EXTRACTED RECORDS:
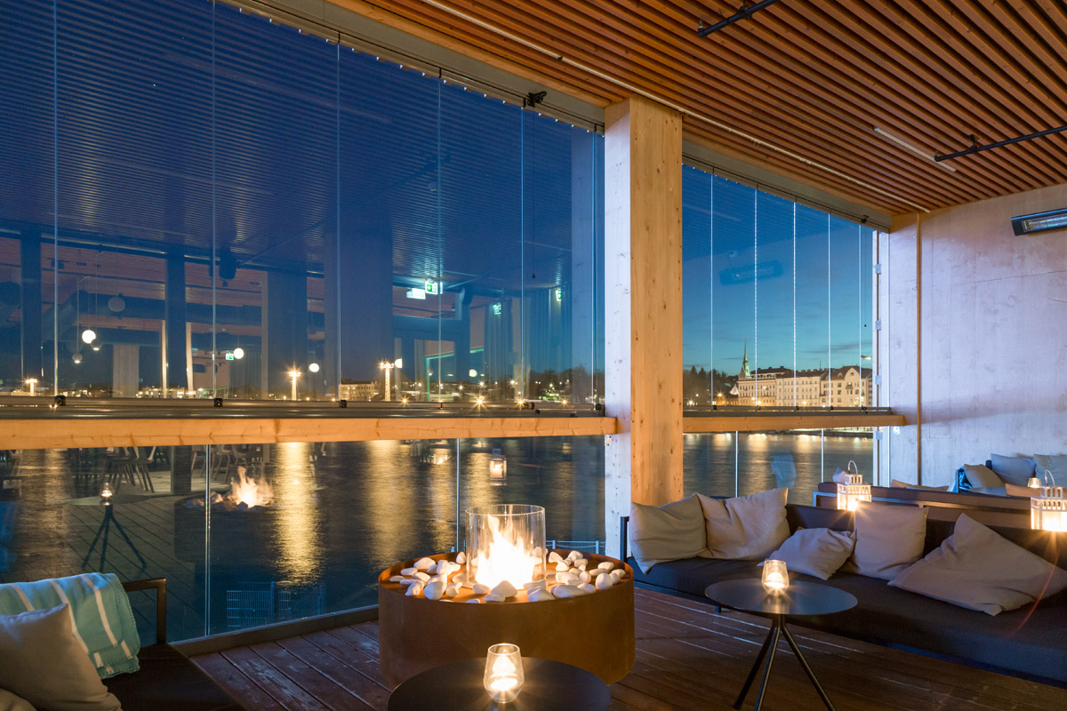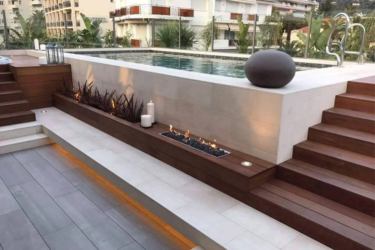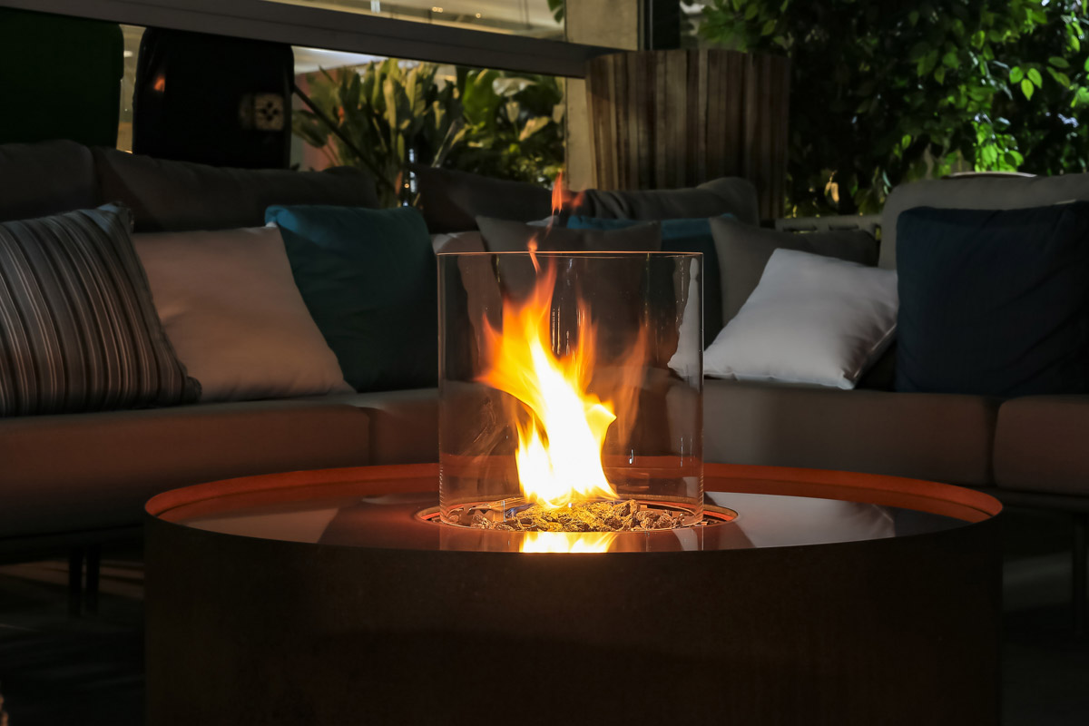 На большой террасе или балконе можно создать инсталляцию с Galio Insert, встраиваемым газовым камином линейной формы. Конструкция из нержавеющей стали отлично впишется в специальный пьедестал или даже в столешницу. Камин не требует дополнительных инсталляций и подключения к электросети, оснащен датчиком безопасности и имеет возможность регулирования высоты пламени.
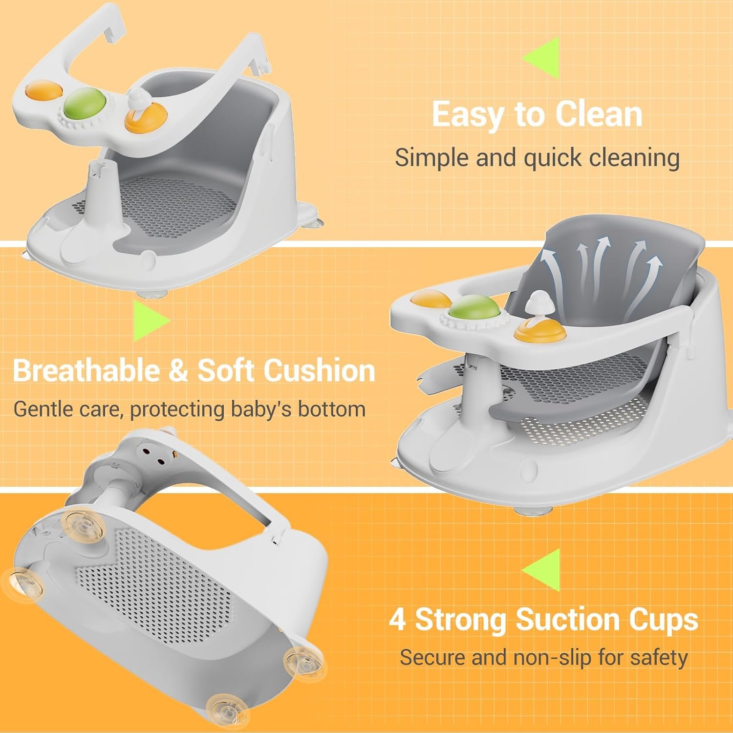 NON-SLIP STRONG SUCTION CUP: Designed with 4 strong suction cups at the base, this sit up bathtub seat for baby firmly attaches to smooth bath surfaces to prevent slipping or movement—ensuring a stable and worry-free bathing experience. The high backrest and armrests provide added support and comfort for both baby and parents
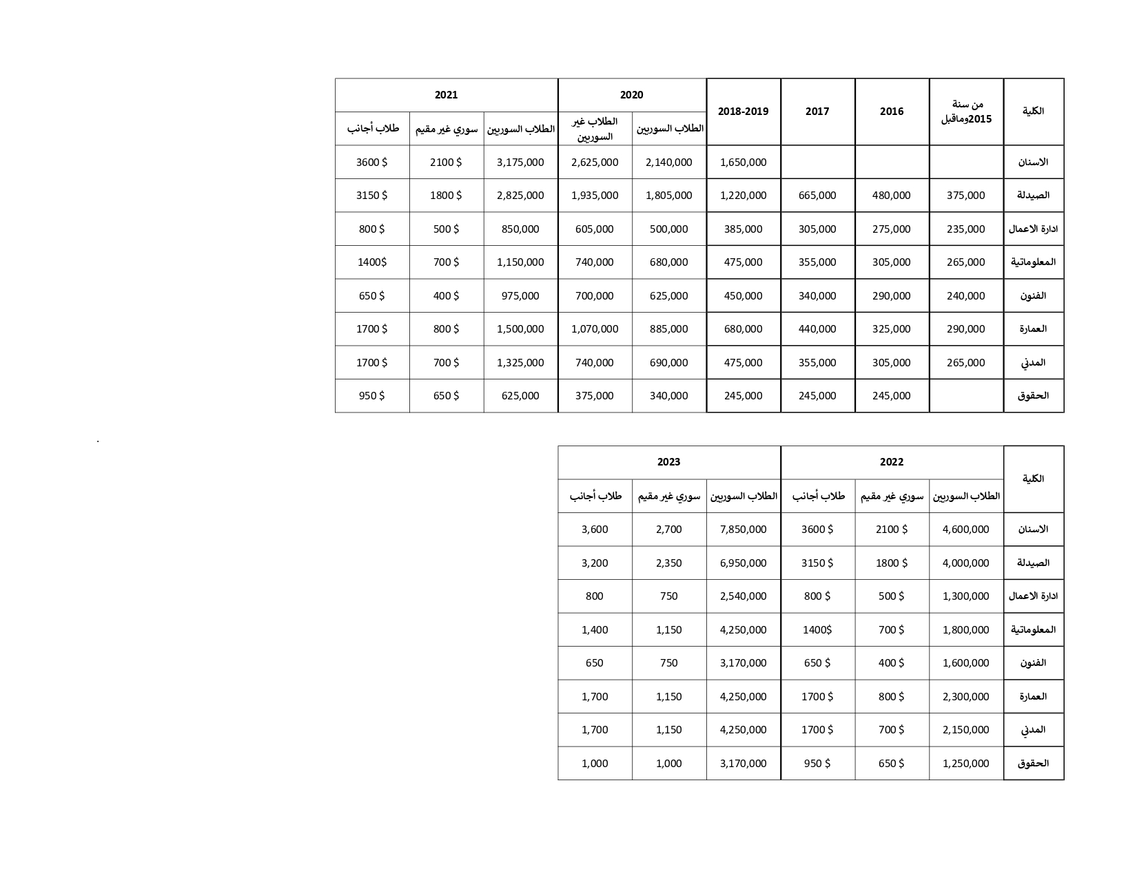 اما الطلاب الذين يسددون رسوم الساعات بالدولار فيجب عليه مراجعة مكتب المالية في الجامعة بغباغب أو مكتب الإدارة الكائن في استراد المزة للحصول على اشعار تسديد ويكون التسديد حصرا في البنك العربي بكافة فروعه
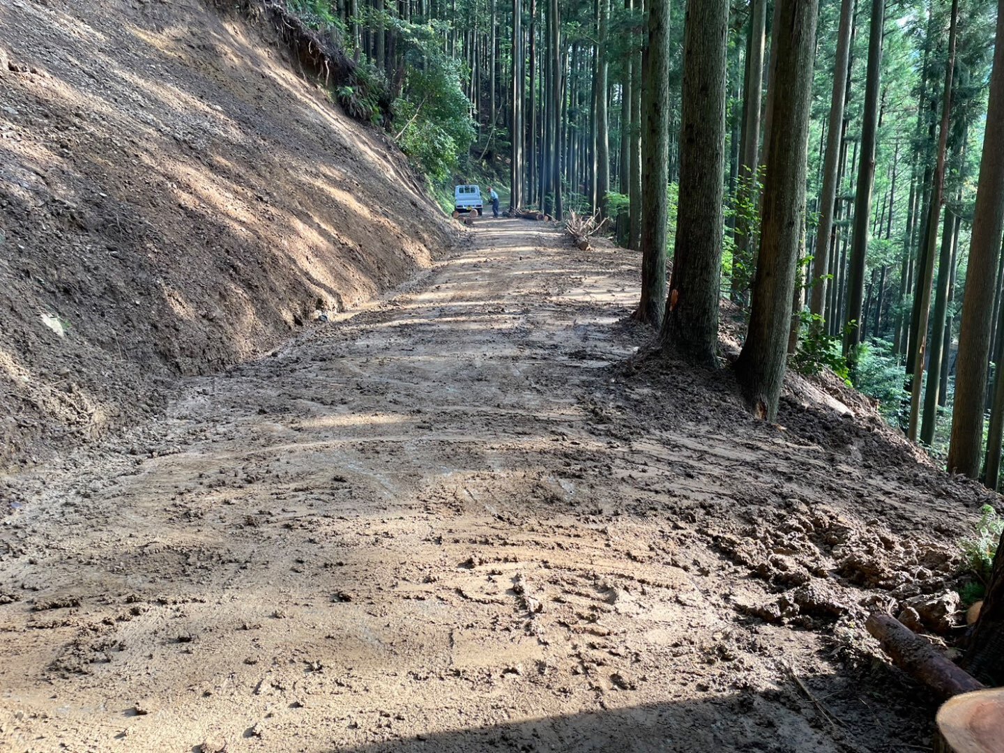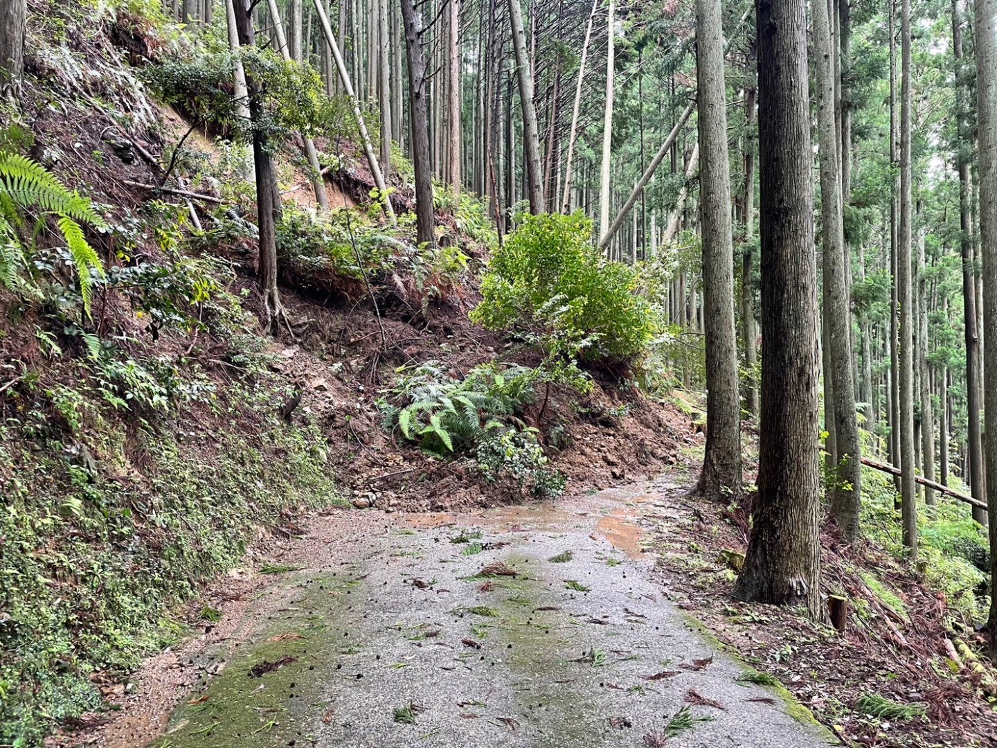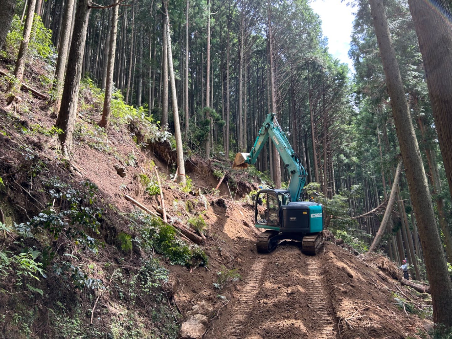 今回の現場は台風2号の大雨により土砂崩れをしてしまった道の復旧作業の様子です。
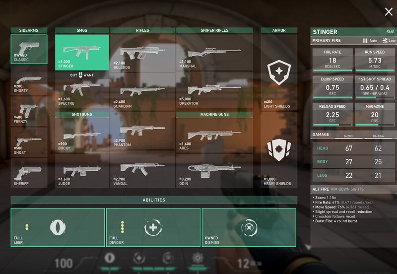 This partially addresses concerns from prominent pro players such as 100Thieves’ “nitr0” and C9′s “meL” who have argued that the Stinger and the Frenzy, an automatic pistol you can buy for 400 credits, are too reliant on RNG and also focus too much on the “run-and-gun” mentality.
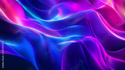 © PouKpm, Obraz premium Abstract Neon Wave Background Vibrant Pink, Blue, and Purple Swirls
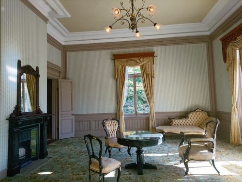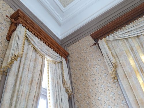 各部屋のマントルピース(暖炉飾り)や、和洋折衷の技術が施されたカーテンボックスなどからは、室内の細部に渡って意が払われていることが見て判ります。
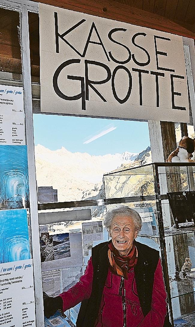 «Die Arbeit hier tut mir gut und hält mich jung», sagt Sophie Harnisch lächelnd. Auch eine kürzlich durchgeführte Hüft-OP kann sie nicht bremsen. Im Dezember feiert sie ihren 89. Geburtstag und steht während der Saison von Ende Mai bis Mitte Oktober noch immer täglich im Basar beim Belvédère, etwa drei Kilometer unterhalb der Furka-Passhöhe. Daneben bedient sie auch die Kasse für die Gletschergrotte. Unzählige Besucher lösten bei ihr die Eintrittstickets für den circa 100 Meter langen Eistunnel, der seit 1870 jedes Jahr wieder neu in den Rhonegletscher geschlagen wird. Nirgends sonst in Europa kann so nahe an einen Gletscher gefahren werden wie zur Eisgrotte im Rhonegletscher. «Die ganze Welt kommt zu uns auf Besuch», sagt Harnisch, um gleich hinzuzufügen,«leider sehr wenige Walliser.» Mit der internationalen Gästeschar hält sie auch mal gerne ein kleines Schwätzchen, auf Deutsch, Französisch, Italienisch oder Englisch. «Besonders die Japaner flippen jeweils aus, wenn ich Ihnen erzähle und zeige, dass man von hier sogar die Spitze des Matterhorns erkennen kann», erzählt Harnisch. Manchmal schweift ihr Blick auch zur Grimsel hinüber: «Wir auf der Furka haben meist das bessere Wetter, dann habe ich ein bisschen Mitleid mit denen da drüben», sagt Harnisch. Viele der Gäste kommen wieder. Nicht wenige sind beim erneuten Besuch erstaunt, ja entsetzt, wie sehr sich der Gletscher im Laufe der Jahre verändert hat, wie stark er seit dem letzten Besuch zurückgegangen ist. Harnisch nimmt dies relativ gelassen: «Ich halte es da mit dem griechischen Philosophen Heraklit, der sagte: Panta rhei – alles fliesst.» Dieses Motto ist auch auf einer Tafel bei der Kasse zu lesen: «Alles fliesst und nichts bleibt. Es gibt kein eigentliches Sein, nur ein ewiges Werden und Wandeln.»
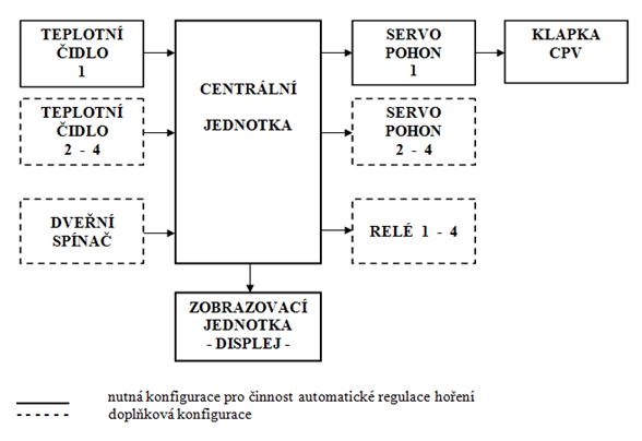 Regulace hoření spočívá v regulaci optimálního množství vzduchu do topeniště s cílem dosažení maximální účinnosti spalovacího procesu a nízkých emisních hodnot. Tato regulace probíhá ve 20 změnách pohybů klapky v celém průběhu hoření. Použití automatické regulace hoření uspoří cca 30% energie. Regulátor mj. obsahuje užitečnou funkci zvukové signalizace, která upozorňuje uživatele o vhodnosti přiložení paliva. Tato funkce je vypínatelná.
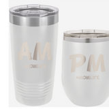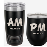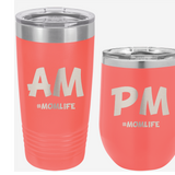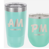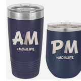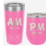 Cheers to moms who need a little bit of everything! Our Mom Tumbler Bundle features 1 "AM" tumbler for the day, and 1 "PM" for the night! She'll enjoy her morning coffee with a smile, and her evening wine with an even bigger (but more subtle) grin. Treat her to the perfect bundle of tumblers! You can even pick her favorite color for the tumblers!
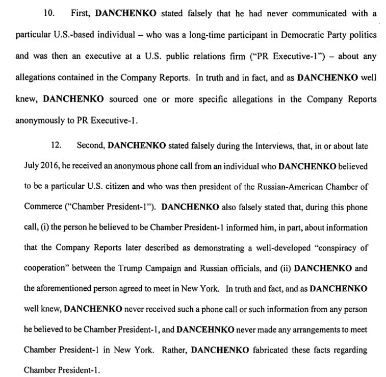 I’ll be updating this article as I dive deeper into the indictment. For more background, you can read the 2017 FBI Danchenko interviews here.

TASK:
Look back at the data above, then output exactly the lines from the line holding "This partially addresses" up to and including the line holding "各部屋のマントルピース(暖炉". Leave out the pictures.

SOLUTION TO THIS PROBLEM:
 This partially addresses concerns from prominent pro players such as 100Thieves’ “nitr0” and C9′s “meL” who have argued that the Stinger and the Frenzy, an automatic pistol you can buy for 400 credits, are too reliant on RNG and also focus too much on the “run-and-gun” mentality.
 © PouKpm, Obraz premium Abstract Neon Wave Background Vibrant Pink, Blue, and Purple Swirls
 各部屋のマントルピース(暖炉飾り)や、和洋折衷の技術が施されたカーテンボックスなどからは、室内の細部に渡って意が払われていることが見て判ります。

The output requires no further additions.